Data under study:
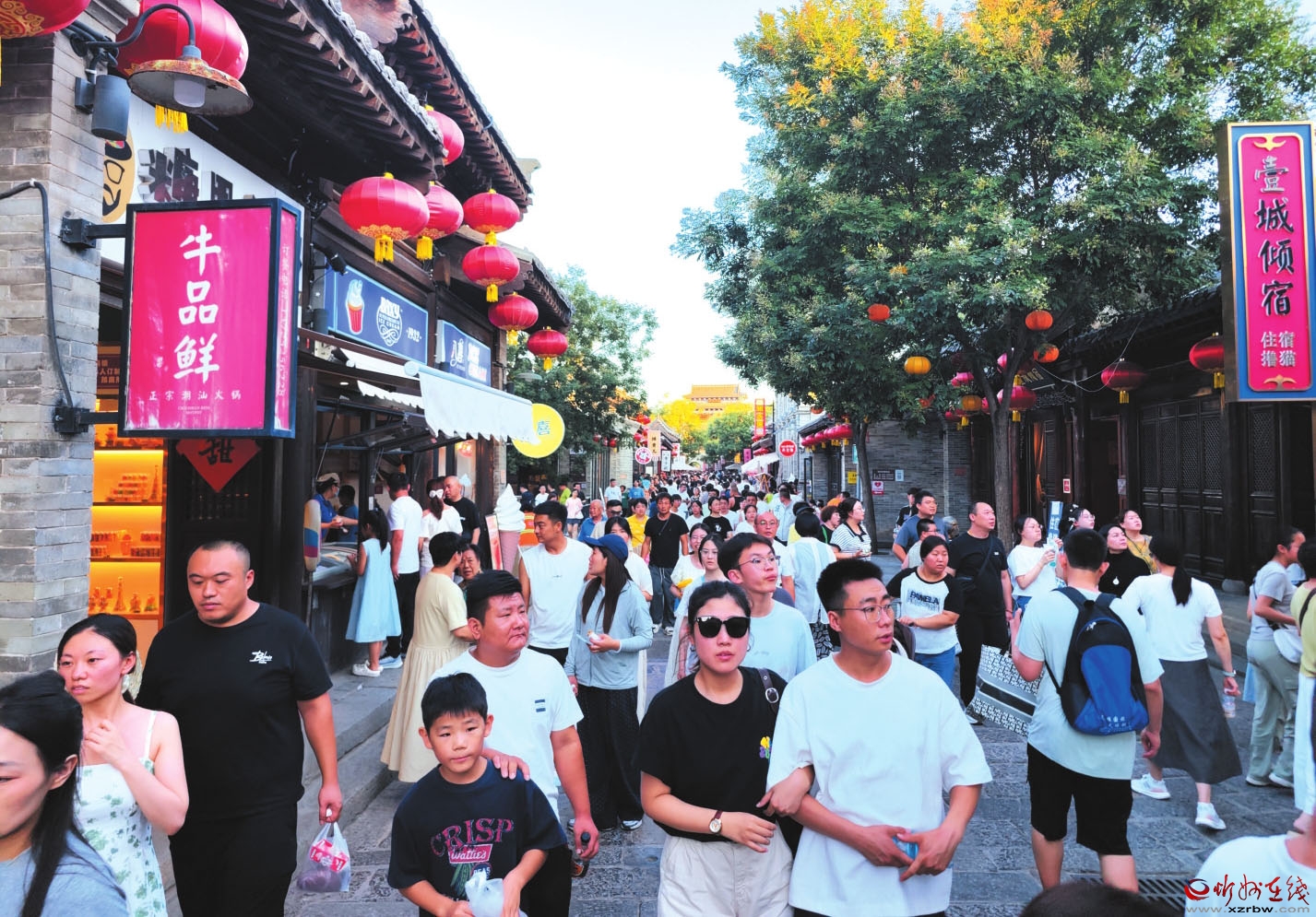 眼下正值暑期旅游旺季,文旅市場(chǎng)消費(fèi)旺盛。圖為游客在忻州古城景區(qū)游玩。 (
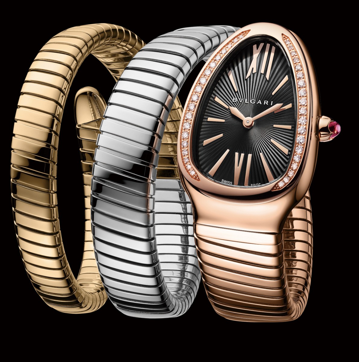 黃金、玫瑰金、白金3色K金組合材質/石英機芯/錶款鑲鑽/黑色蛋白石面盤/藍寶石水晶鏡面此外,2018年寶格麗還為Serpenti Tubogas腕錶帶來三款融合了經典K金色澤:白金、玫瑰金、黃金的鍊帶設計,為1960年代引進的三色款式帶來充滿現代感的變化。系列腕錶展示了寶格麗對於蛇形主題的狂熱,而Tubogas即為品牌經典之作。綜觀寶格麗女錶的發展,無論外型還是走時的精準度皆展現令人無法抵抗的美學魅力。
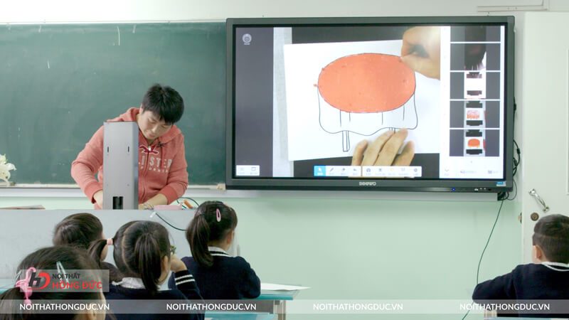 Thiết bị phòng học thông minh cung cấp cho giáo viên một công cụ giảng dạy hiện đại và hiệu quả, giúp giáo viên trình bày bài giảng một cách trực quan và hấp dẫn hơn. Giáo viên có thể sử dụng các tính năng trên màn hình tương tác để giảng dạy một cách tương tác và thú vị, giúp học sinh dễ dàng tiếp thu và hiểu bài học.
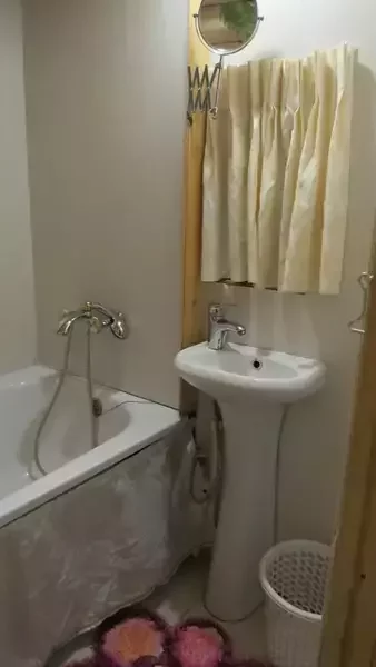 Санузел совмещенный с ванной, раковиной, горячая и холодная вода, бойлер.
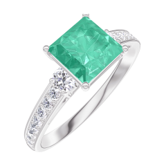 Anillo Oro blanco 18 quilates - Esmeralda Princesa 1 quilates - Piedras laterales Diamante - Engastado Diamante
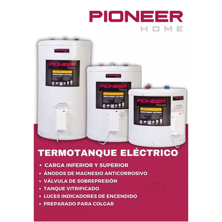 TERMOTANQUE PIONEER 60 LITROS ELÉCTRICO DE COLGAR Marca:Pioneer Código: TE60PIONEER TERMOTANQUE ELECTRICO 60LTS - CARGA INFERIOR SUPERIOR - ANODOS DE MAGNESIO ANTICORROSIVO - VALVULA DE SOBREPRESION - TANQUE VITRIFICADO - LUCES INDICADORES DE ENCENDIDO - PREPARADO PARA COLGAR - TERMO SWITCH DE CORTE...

--

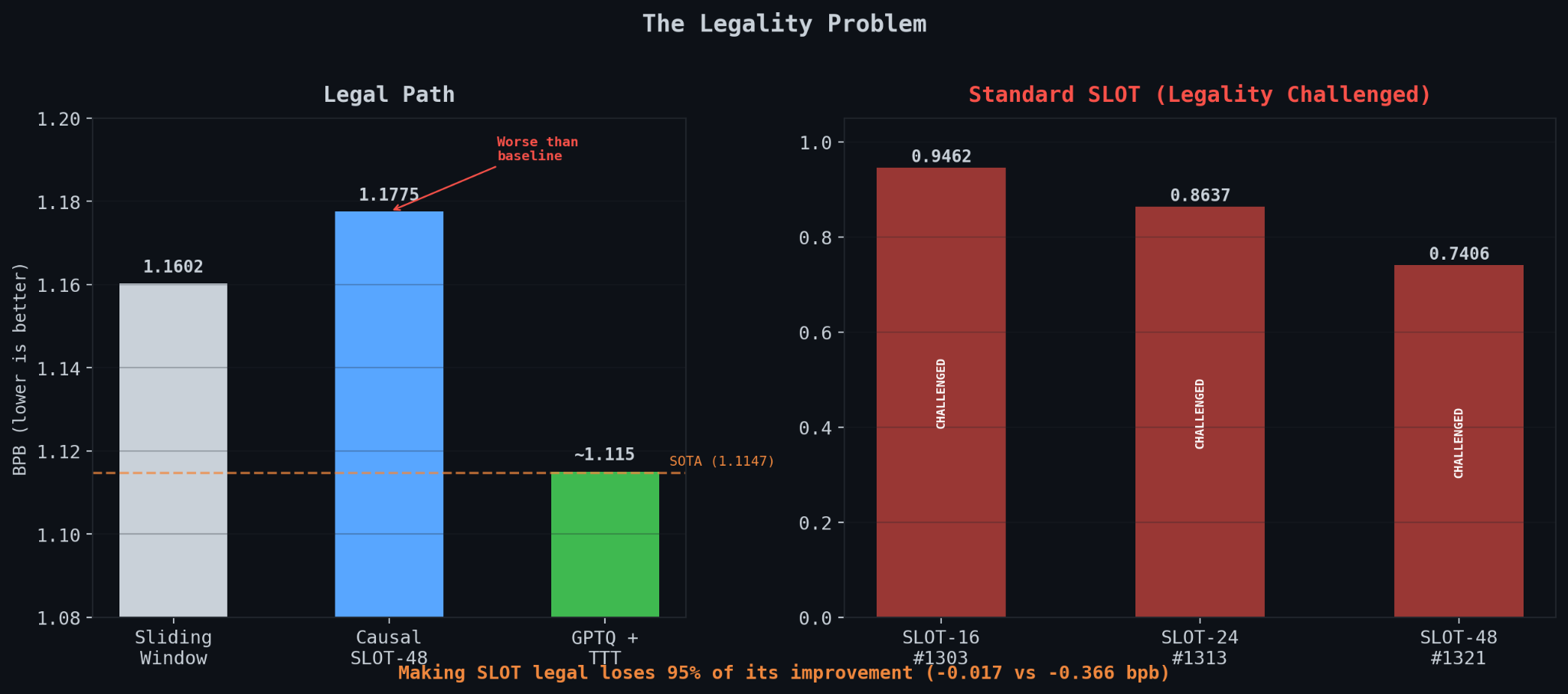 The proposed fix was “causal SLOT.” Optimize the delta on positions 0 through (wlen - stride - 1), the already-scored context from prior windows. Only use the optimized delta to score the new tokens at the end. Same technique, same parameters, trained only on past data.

The task: Reproduce the listing above only between the lines holding "Санузел совмещенный с" and "TERMOTANQUE PIONEER 60", inclusive. Every line must match exactly, and pictures are dropped.

Your response:
 Санузел совмещенный с ванной, раковиной, горячая и холодная вода, бойлер.
 Anillo Oro blanco 18 quilates - Esmeralda Princesa 1 quilates - Piedras laterales Diamante - Engastado Diamante
 TERMOTANQUE PIONEER 60 LITROS ELÉCTRICO DE COLGAR Marca:Pioneer Código: TE60PIONEER TERMOTANQUE ELECTRICO 60LTS - CARGA INFERIOR SUPERIOR - ANODOS DE MAGNESIO ANTICORROSIVO - VALVULA DE SOBREPRESION - TANQUE VITRIFICADO - LUCES INDICADORES DE ENCENDIDO - PREPARADO PARA COLGAR - TERMO SWITCH DE CORTE...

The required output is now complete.